Date of Award

5-2013

Level of Access Assigned by Author

Campus-Only Thesis

Degree Name

Master of Arts (MA)

Department

History

Advisor

Ngo Vinh-Long

Second Committee Member

Nathan Godfried

Third Committee Member

Richard Blanke

Abstract

The aim of this thesis is to explore the issues caused by Japan’s war legacies, and their adverse impact on Japan’s relations with its neighbors, political influence, and role in global affairs. Japan is economically great, and yet it has persistent problems in its relations with other East and Southeast Asian nations, particularly its critical neighbors China and the Koreas, in part because in Japan, many politicians and citizens deny the full extent of their Empire’s controversial activities during World War II and the Japanese Empire (1868-1945). Issues deriving from World War II are primary, but some legacies of the prewar Japanese Empire cannot be ignored.

America considered the Cold War to be the only important reality and ignored previous activities. Japanese society rejected militarism after losing the war, but most Japanese still cannot admit the entirety of the atrocities that their military committed. The reasons Japan and America underestimate these issues may be understandable, but other nations will not allow Japan to forget. There are many books about these issues, most often about either a single issue or relationship, or focused on cultural issues such as memory and forgiveness. This paper, however, looks at all of the major issues and relationships, with a focus on nation-to-nation relations, more so than cultural issues.

The first chapter covers modem Japanese history (1868 to the present), wartime racism and the American occupation that shaped modem Japan, the Japanese postwar government, the issue of the insufficient war criminal tribunals which failed to punish. Emperor Hirohito, wartime Japan’s leader, and the trials’ mixed legacy in Japan, and Japanese relations with America and Asian nations. The core of the paper is the next two chapters, an examination of various World War II legacy issues which divide Japan and its critics.
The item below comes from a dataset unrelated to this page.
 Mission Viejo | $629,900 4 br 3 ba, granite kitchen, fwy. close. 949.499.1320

First, chapter three discusses the re-militarization of Japan despite constitutional restrictions. Chapter four covers the other issues, including insufficient governmental apology for wartime atrocities; education and textbooks which whitewashed or ignored the Empire’s history; Yasukuni Shrine, Japan’s most prominent war memorial, which enshrined the worst war criminals and defended Japan’s military activities; the Rape of Nanking, where every detail is disputed between China and Japan; the issue of “comfort women,” Asian women sexually enslaved by Japanese troops, which has become important; and last, the outlying island controversies. There are also comparisons to the different path Germany and its European neighbors have taken regarding Germany’s wartime legacy.
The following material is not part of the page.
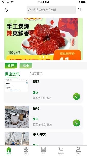 例如:农副产品、五金工具、日用百货、机械租赁、劳务派遣,等信息浏览和交易的互通助手!

Instead of apologizing for their actions elsewhere in Asia, Japan focuses on its own victimization during World War II when America bombed Japanese cities. Many Japanese statements on the war mentioned Hiroshima, but not their own specific acts. Other nations resented this. This paper presents the view that Japan’s World War II legacy is a difficult one that caused ongoing difficulty in Japan’s foreign relations. Japanese politicians continually raised these war legacies, denied their culpability, and threatened to retract past apologies, so the war’s legacy remained alive.